La crisis de la civilización americana parece cada día más profunda

Una agente de la Agencia Antidroga de Estados Unidos (DEA)
Una agente de la Agencia Antidroga de Estados Unidos (DEA)

    Me refería la semana pasada a algunas sentencias recientes del Tribunal Supremo de Estados Unidos sobre temas que, a mi entender, afectan a la identidad histórica de aquel gran país. Las reacciones tan distintas a esas decisiones vienen a confirmar que la crisis afecta a las raíces, si se puede hablar así, del alma americana.

    Una parte importante de la cultura democrática es el respeto de las minorías, la aceptación de la disidencia, la normalidad del conflicto..., que se supera justamente aplicando los procedimientos establecidos. Cuando se repite tanto la palabra guerra, aunque sea con el adjetivo cultural, es porque la división es tan honda que resulta imposible lograr una paz duradera, aunque los contendientes no apelen a la violencia física.

    Quizá son demasiados los miedos de la sociedad americana –en gran medida, paradigma de occidente-, que están en el trasfondo de tantas cuestiones colectivas abiertas. La pandemia del coronavirus ha mostrado hasta qué extremos los ciudadanos estaban dispuestos a renunciar a libertades básicas para ganar en seguridad. En cambio, desde otro punto de vista, se aferran a la posesión de armas de fuego, como medio para defenderse de la que consideran inseguridad creciente.

    La dejación de libertades comporta en la práctica un crecimiento del intervencionismo público, así como el progresivo aumento de atenuantes legales en nombre de la eficacia de las fuerzas del orden. Ambas tendencias confluyen en el incremento de la corrupción –impropia a priori de la ética anglosajona, frente a la latina- y de los abusos policiales, que acentúan las clásicas tensiones racistas.

    Esas tendencias se proyectan de un modo claro ante el fenómeno de la drogadicción. Se ha escrito que, después de cincuenta años, la mítica DEA sigue perdiendo la guerra contra la droga. El presidente Nixon la declaró hacia 1971 "el enemigo público número uno de Estados Unidos", y prometió "librar una nueva ofensiva total". 

    En 1973 se creó la DEA con el fin de reunir en un solo organismo los esfuerzos públicos en este campo. Pero sus comienzos no fueron brillantes, con la doble sombra de corrupción e incompetencia, agravada por leyes sucesivas que, en nombre de la eficacia, reducían derechos cívicos y controles jurídicos, y concedían carta blanca a la agencia, como muestra el abundante número de detenciones e incautaciones. El presupuesto anual de la agencia ha crecido desde los 75 millones de dólares iniciales a los a los 3.2 mil actuales, con oficinas en el extranjero. Sin embargo, en 2021, se contabilizaron más de 107.600 muertes relacionadas con estupefacientes, un máximo histórico. La mitad de los más de dos millones de reclusos en las cárceles están relacionados con el narcotráfico. Los esfuerzos de la DEA en la crisis de los opiáceos se están saldando con un aumento a ritmo acelerado de las muertes por sobredosis de fármacos aprobados o introducidos ilegalmente desde México.

    Da la impresión, por otra parte, de que la inseguridad económica y social ha crecido con la política del partido demócrata en el poder, a pesar de los datos cuantitativos positivos en materia de empleo. Las manifestaciones de la dimisión laboral, más frecuentes entre la gente joven, muestras también las quiebras de la ética social, sin necesidad de acudir a viejas tesis weberianas.

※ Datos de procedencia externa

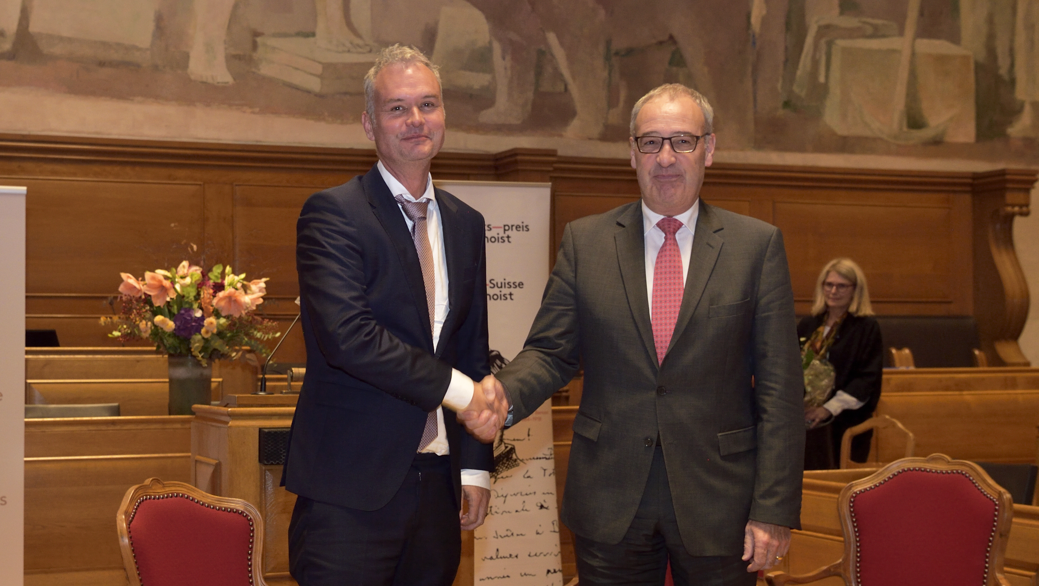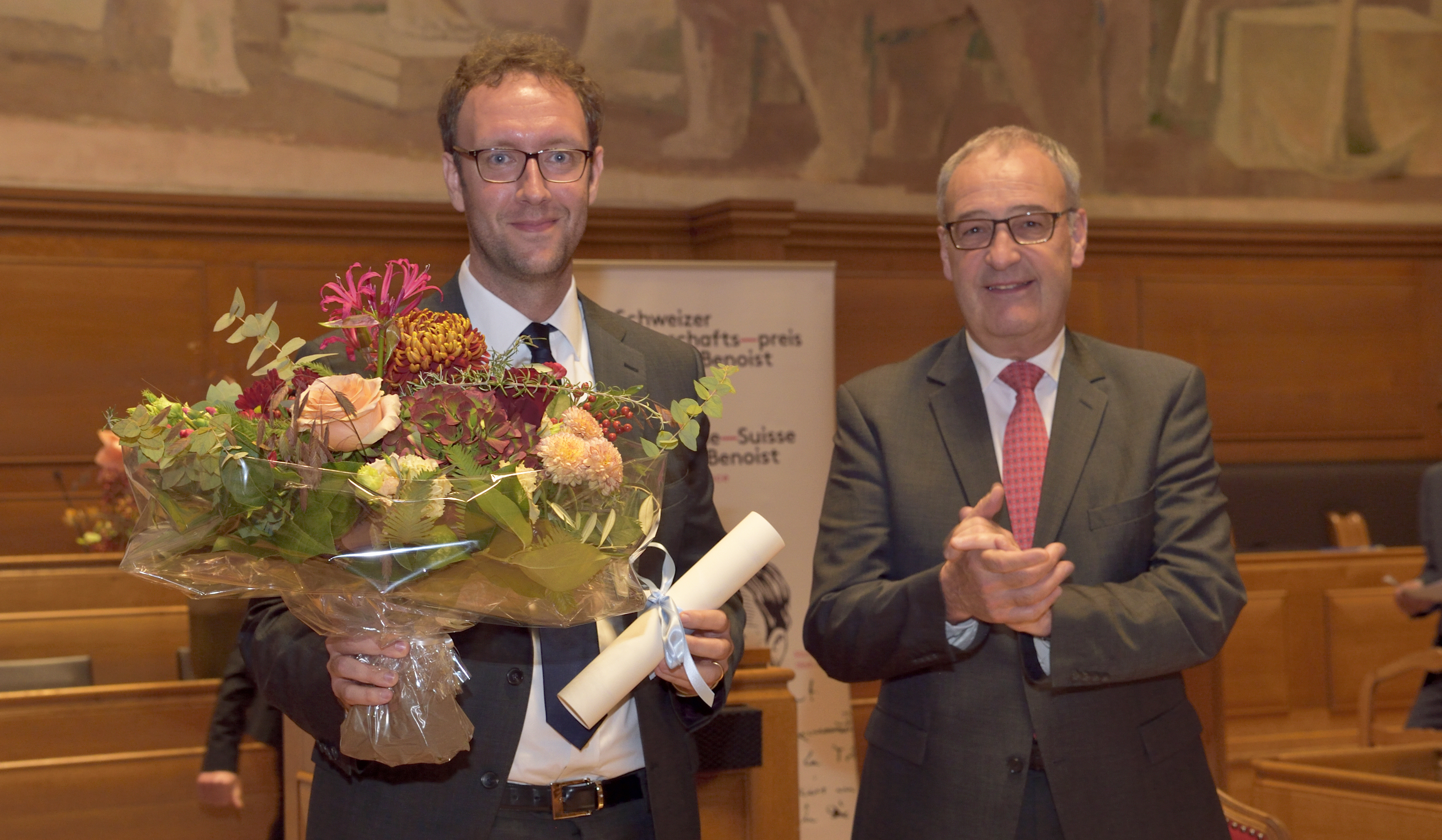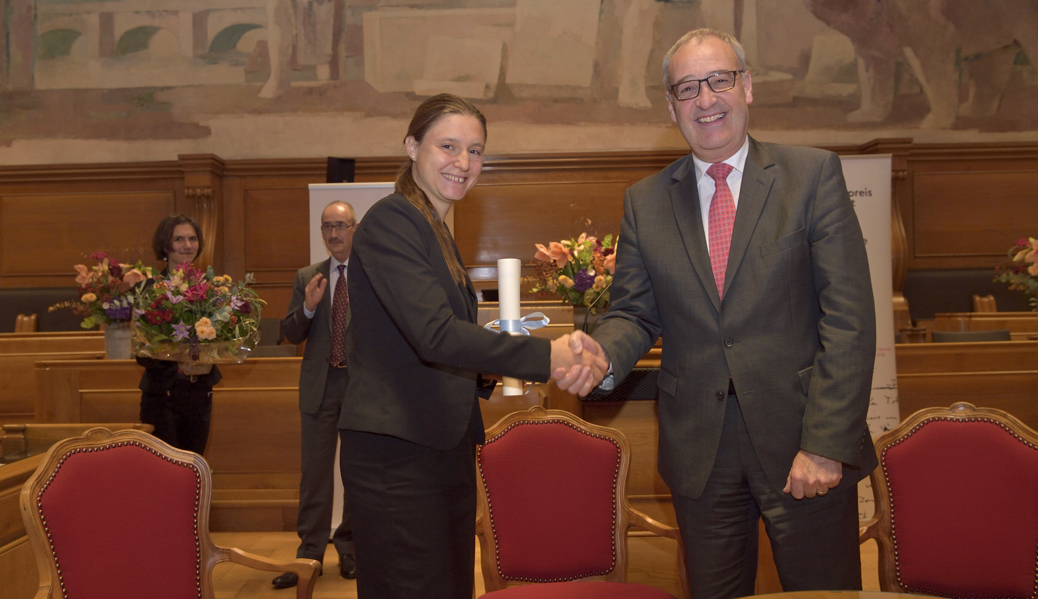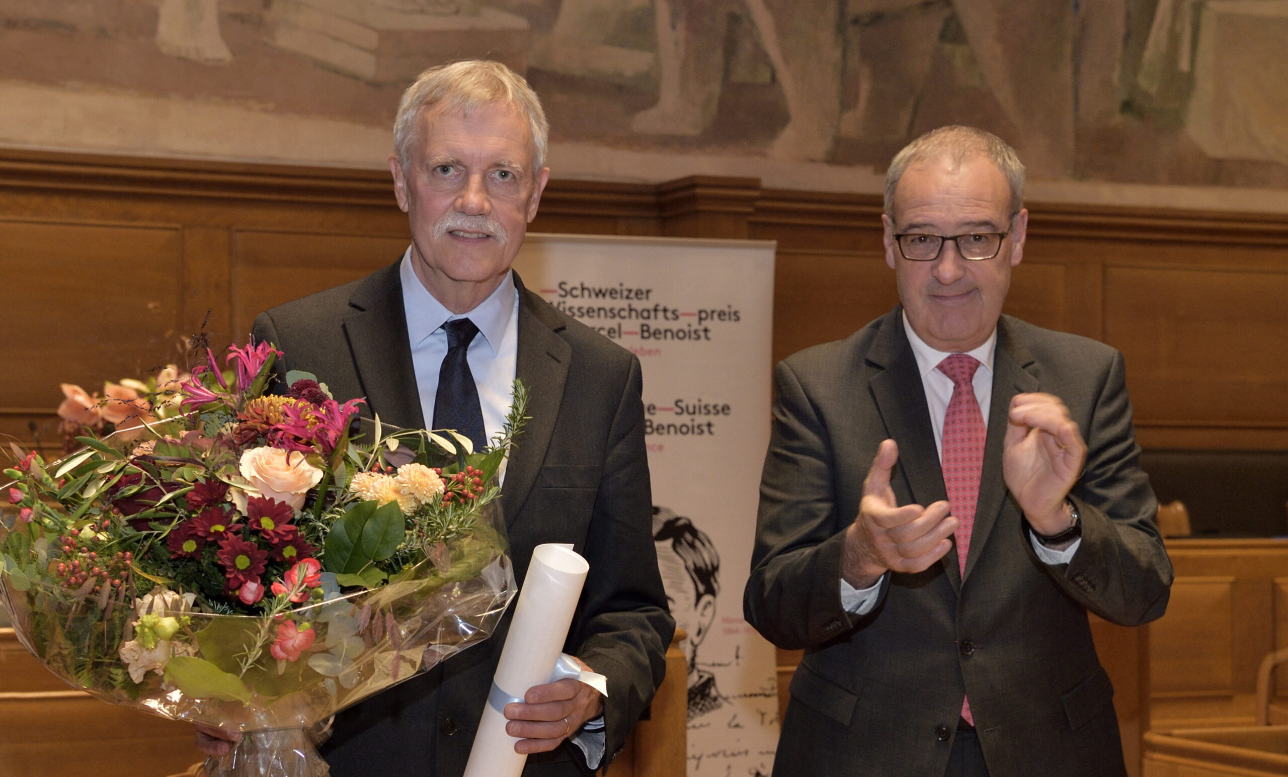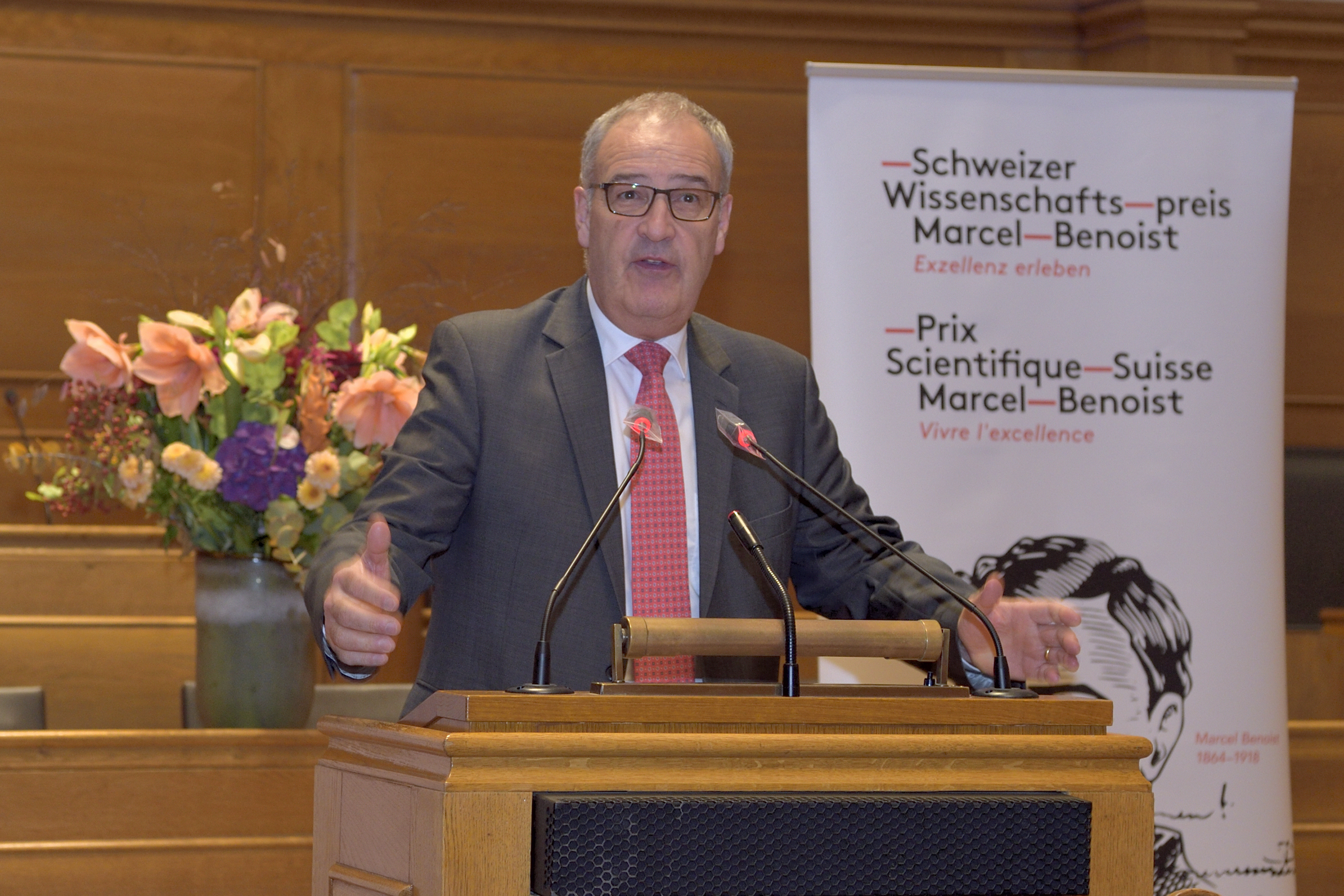Lors de son discours officiel, Guy Parmelin, président de la Confédération et président de la Fondation Marcel Benoist, a félicité la lauréate et les lauréats. Il a insisté sur la bonne collaboration mise en place entre la Fondation Marcel Benoist et la Fondation Latsis. Ces deux fondations poursuivent ensemble l’objectif de promouvoir l’excellence de la recherche en Suisse. Dans le même temps, elles ont à cœur de montrer à un large public que la recherche est importante pour la société tout entière et qu’elle lui est profitable. L’apport de la recherche à la société était déjà la préoccupation centrale du fondateur Marcel Benoist et il l’est toujours aux yeux des donateurs privés des fondations, auxquels le président de la Confédération a adressé ses remerciements pour leurs dons en faveur de l’encouragement de la recherche scientifique suisse.
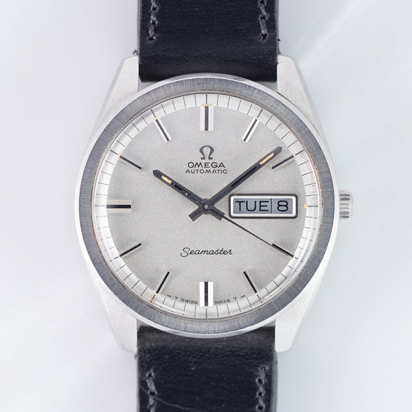 パッと見は70年代の時計に見えますが、60年代後半のモデル。主張の強めなバーインデックスやバーハンド、それに放射状の仕上げが施されたベゼルがその印象を強くしているのかもしれません。それでもケースの全体的なシルエットは60年代オメガのまさにそれ。その過渡期的なデザインが絶妙なバランス感覚を感じさせます。デイデイト機能やスクリューバック、すっきりしたデザインで汎用性の高い一本です。
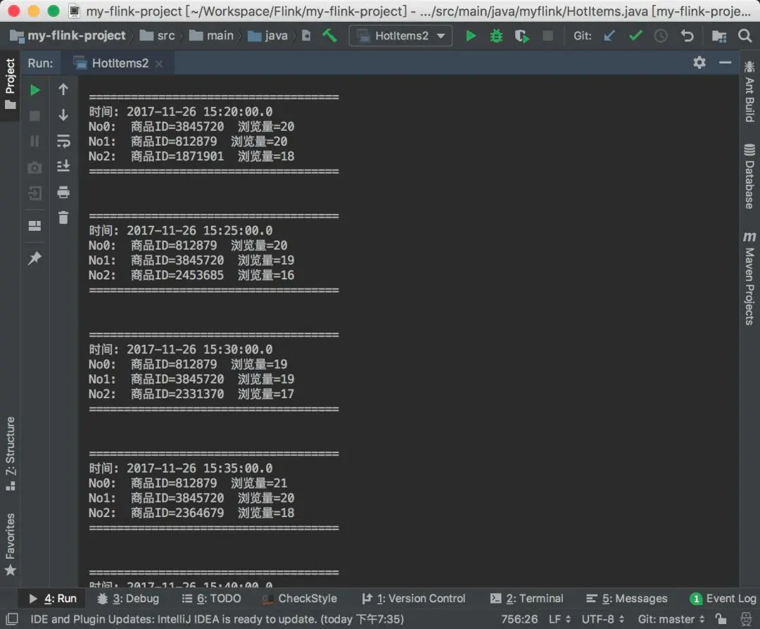 直接运行 main 函数,就能看到不断输出的每个时间点的热门商品ID。
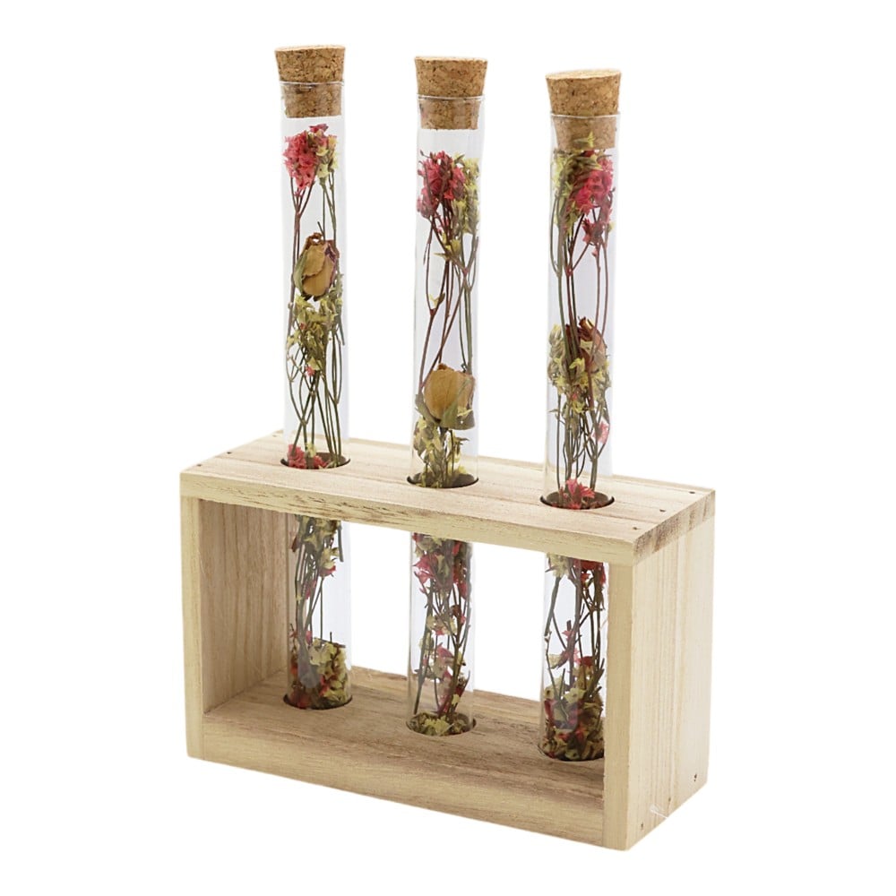 Decorative vase, glass/wooden, natural, 15x6xH22 cm
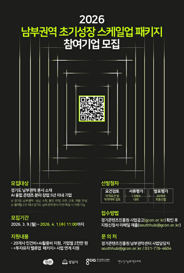 경콘진은 다음 달 1일까지 ‘남부권역 초기성장 스케일업 패키지’에 동참할 20개 기업을 모집한다고 9일 밝혔다.

    La inseguridad cultural queda cada día más patente en las batallas que se libran en los campus universitarios –no sólo en la Florida de Ron DeSantis-, que exacerban la defensa de las múltiples sensibilidades personales, en detrimento de la libertad de expresión y de la actitud intelectual abierta en la investigación y la docencia. No es preciso insistir en la lucha por imponer, también jurídica, teorías que deberían ser objeto de discusión académica, como las relativas a la raza o a la condición sexual de la persona. A los planteamientos más profundos de la vida universitaria, se suma la creciente desconfianza de infinidad de asociaciones de padres de familia ante las juntas escolares que gobiernan la escuela pública y, sobre todo, ante los poderosos sindicatos de la enseñanza, grandes valedores del partido demócrata.

    En los medios de comunicación abundan, en fin, las referencias a la secularización, que alcanzaría también a la órbita estadounidense. En Alexis de Tocqueville, quien describió agudamente en el siglo XIX el  sentido religioso y la cohesión familiar, como grandes pilares de la democracia en América, se podrían tal vez encontrar caminos para superar la crisis.